Mat Dedication

Wrestling mat dedicated to Hall of Famer Phil Grebinar
March 18, 2013

After becoming WPI’s head wrestling coach, straight out of college and just 22 years old, Phil Grebinar went on to build both a successful program and an extended second family.

His teams became a dominant force in New England, and the school’s alumni wrestling group is “super active, super tight,” says Steve Hall ’87, who wrestled for Grebinar and is the current head coach.

“He was a great coach and mentor for all of us,” Hall says. “It was a great experience.”

Already a member of the WPI Athletic Hall of Fame, Grebinar was honored in 2010 when an endowment to help support the wrestling program that was named for him. And just last month, the wrestling community literally went to the mat for the man who developed the program over 33 years as head coach, inscribing his name on a 48×48-foot competition mat.

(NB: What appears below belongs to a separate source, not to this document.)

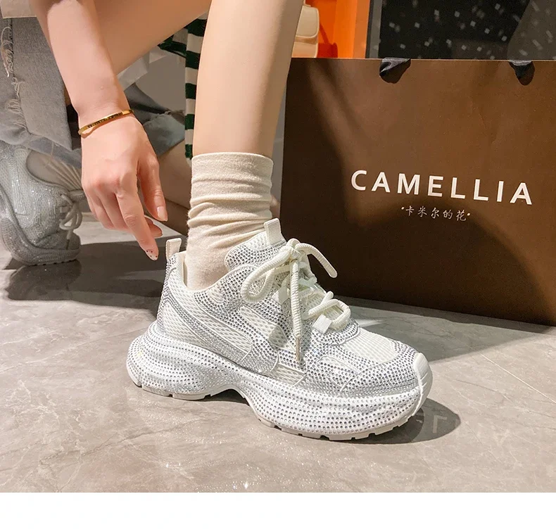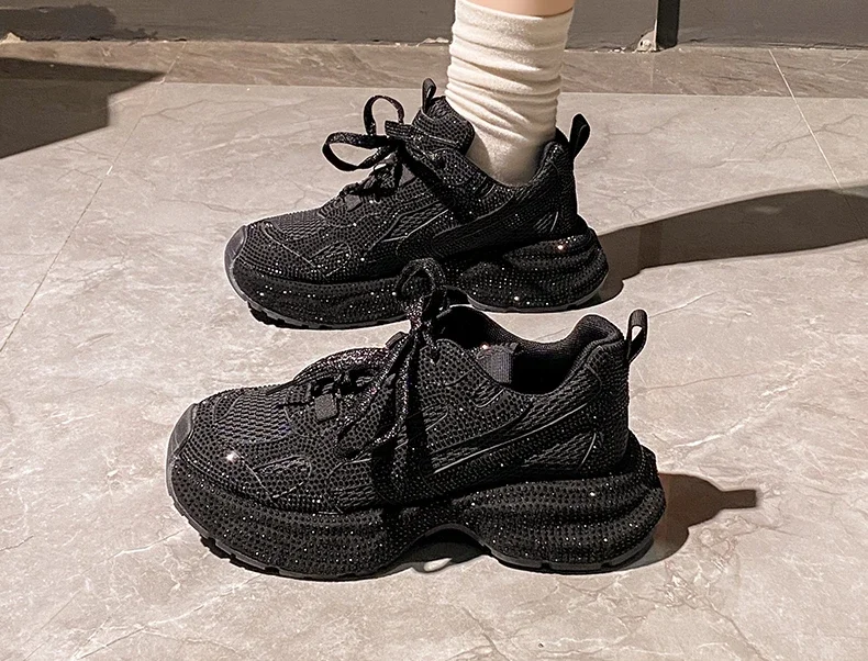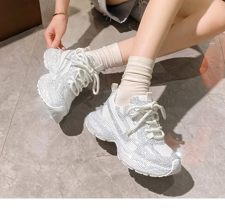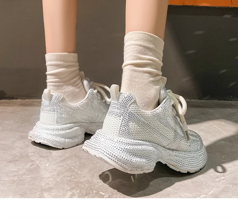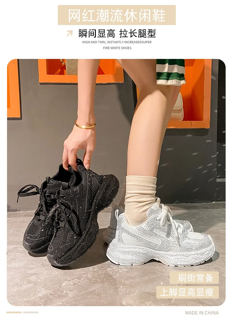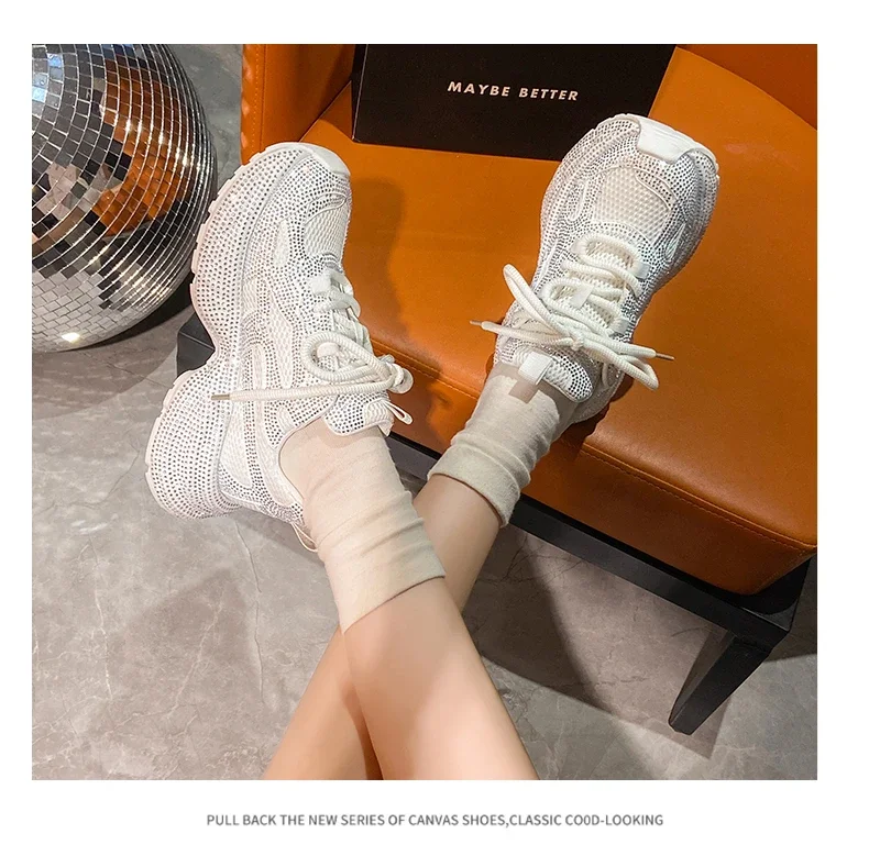 Women Luxury Platform Sneakers Bling Bling Casual Outdoor Shoes Designer Running Tennis Sneakers Lace Up Fashion Sport Shoes

Grebinar wrestled and played football for a year at Rutgers University before transferring to Cortland State in New York, where he played both sports and decided he wanted to become a physical education teacher.

He came to WPI as head wrestling coach and an assistant football coach. He says he found a wrestling program that lacked stability and had trouble recruiting athletes.

“If you don’t have talent, it’s hard to win,” he says, adding that coaching can only carry a team so far. “Talent wants to surround itself with talent. It makes it a little easier to win.”

Grebinar stepped up the recruiting and his teams worked their way to the highest winning percentage in WPI sports, coming out on top in more than 400 matches. He coached 195 All-New England wrestlers, including Coach Hall.

After the 2004–05 season, Grebinar stepped down and now is director of the physical education department, where he teaches and is involved in scheduling, fund-raising, and WPI’s Athletic Hall of Fame.

“There’s certain things I miss, certain things I don’t miss,” he says about life after coaching.

Because he referees other college (and high school) matches, he usually keeps some distance from the WPI team. He says the only time that he has seen a complete WPI match since his retirement was when the mat was dedicated.

But when he was interviewed the last week of February, he was busy as co-director of the 2013 NCAA Division III Northeast Regional Wrestling Tournament, which brought 18 teams to the WPI campus.

Hall, in his third year as head coach, says he models his own coaching style after Grebinar, who taught his wrestlers not only how to succeed on the mat, but how to balance athletic and school life.

Hall says his mentor was passionate about the sport, detail oriented, and always prepared for the competition—knowing opponents’ strengths and weaknesses.

It’s safe to say that under Grebinar, wrestling became a point of pride at WPI.

“It was a popular sport here on campus,” Hall says. “It drew great crowds, packing Alumni Gym to the rafters.”

By putting Grebinar’s name on the new mat—which helped replace mats that Hall had wrestled on—the program ties the old to the new, adding to the heritage of WPI wrestling, according to Hall.

Asked to describe Grebinar’s legacy, the current coach is quick to answer: “It’s known as the WPI wrestling family,” says Hall who points to wrestlers from 30 years ago and their close ties to campus. Many returned for the recent mat dedication.

The dedication, which was attended by Grebinar’s wife, his two sons and their wives, and his six grandchildren, meant a lot him. He says it acknowledged that he had achieved something worthy.

Still, he says he might be sticking around for a while, gesturing to his office in the new Sports & Recreation Center.

“I had been living in Alumni Gym for 40 years,” he says with a laugh. “I might stay longer just because this building is so nice.”